*** RECORDS FOR THIS TASK ***
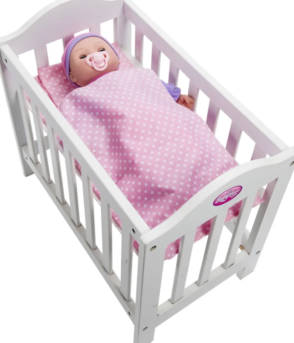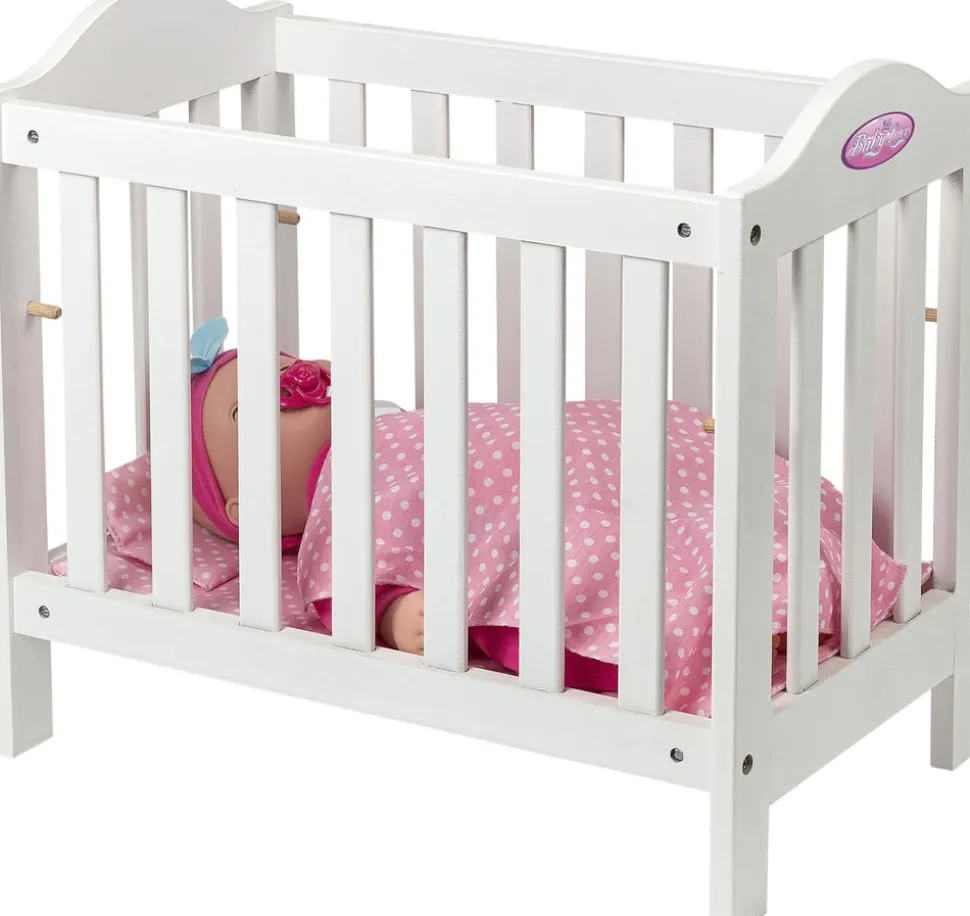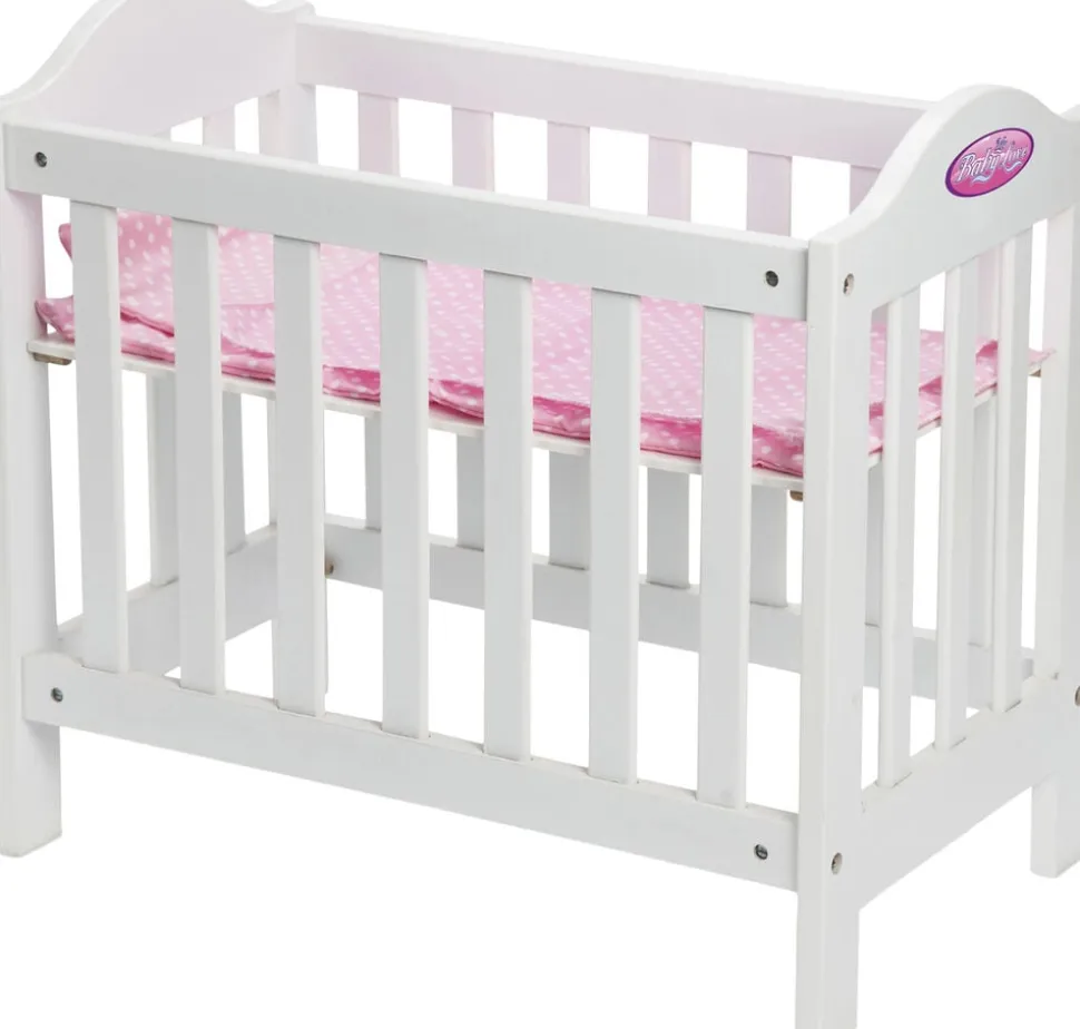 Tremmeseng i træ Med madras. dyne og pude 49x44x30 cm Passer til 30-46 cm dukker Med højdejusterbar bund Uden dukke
*** End of RECORDS FOR THIS TASK ***
*** RECORDS FOR THIS TASK ***
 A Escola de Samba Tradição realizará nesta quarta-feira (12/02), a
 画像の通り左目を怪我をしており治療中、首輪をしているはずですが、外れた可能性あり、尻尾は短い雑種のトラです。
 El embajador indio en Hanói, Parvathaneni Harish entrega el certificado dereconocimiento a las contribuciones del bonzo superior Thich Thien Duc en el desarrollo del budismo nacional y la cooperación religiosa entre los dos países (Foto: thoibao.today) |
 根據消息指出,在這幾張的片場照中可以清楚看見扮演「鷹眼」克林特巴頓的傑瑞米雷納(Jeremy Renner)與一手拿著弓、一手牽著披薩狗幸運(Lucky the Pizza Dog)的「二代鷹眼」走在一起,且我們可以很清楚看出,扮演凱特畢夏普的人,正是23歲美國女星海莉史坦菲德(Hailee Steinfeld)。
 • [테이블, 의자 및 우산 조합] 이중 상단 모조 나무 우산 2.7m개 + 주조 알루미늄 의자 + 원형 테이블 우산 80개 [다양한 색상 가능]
*** End of RECORDS FOR THIS TASK ***
◆ WORK ORDER ◆
Retype exactly the lines of the data above that fall between the line with "Renner)與一手拿著弓、一手牽著披薩狗幸運(Lucky the Pizza" and the line with "[다양한 색상 가능]", inclusive, and add nothing.

◆ SOLUTION FOR THIS EXERCISE ◆
 根據消息指出,在這幾張的片場照中可以清楚看見扮演「鷹眼」克林特巴頓的傑瑞米雷納(Jeremy Renner)與一手拿著弓、一手牽著披薩狗幸運(Lucky the Pizza Dog)的「二代鷹眼」走在一起,且我們可以很清楚看出,扮演凱特畢夏普的人,正是23歲美國女星海莉史坦菲德(Hailee Steinfeld)。
 • [테이블, 의자 및 우산 조합] 이중 상단 모조 나무 우산 2.7m개 + 주조 알루미늄 의자 + 원형 테이블 우산 80개 [다양한 색상 가능]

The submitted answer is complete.